Durumu görüyorsunuz… Yapmanız gereken şudur: Kendinizi öyle yetiştiriniz ki, terazinin bir kefesine sizi koysalar, öbür kefesine yüz bozuğu ve molozu koysalar, siz ağır basmalısınız.


Durumu görüyorsunuz… Yapmanız gereken şudur: Kendinizi öyle yetiştiriniz ki, terazinin bir kefesine sizi koysalar, öbür kefesine yüz bozuğu ve molozu koysalar, siz ağır basmalısınız.

İşinizle ilgili Güçlü ve derin bilginiz kültürünüz olsun…
 Sanat kültürü ve tarihi… Mantık mantık mantık…
Mantık dersleri alınız… Yüksek ahlak ve karakter sahibi olmalısınız…
Estetik güzellik boyutunuz bulunmalı…

Geleneksel islamî millî sanatlarımızdan birini öğrenin ve ürün verin.

Sakın gevezelik yapmayın, çenenizi tutun, sır küpü olun.
Para, benlik, lüks, israf, gösteriş, marka, cep telefonu aşığı, bağlısı, kölesi ve maskarası olmayın.

Mütevazı, kanaatkâr, sabırlı, sebatlı, mürüvvetli olun.
Böyle olursanız terazide ağır basarsınız.
Bir olun, pîr olun.
Tekir kedi değil, kaplan olun.
İhlaslı olmazsanız, böyle olamazsınız.

Allahın size yardımcı olması için vesilelere ve sebeplere yapışın. 

 İşinize vaktinden birkaç dakika önce geliniz.
 Mesai saati dolmadan ayrılmayınız.
 İş saatlerinde vakit israf etmeyiniz.
 İş araçlarını ve aletlerini özel işlerinizde kullanmayınız.
 Mesai esnasında kıldığınız namazların vakitlerini telafi ediniz.
Herkese kendiniz için “Burada en çalışkan, en başarılı, en randımanlı iş yapan odur…” dedirtiniz.
Kurum telefonlarını özel işleriniz için kullanmayınız.
Mesai saatlerinde vır vır dır dır telefonla konuşma yapmayınız.
İş yerinizde özel ziyaretçi kabul etmeyiniz.
İşverenin vaktini çalmak, onun parasını ve malını çalmak gibi bir hırsızlıktır, buna tenezzül etmeyiniz.
İş hayatında başkalarına örnek ve model olunuz.
İşini savsaklamak hıyanettir.
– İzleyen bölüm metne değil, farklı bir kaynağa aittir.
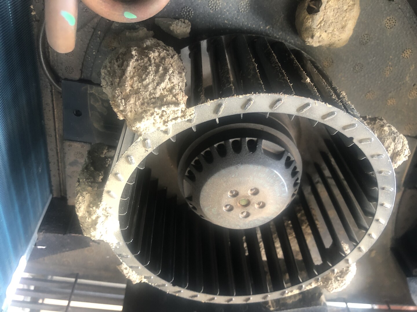 Once I had the unit on a couple of saw horses and removed the top cover I wasnt at all that surprised to find that mud wasps had built several nests on the condenser fan and prevented it from turning.

Hıyanet Müslümana yakışmaz.
Harama alet olmayınız.
Düşmanlarınız sizi gözleyebilir ve dinleyebilir. Dikkatli, tedbirli, ihtiyatlı olunuz.
Size kötülük yapanlara hiç karşılık vermez ve onları Allaha havale ederseniz, cezalarını bulurlar. Kendinizi savunur ve mücadele ederseniz siz kaybedersiniz. (Bu maddeyi anlamak zordur).
Müslüman, her işin en güzelini yapar kuralına göre hareket ediniz.
İşiniz rast gelsin, kazancınız helal olsun, bereketli ve hayırlı olsun.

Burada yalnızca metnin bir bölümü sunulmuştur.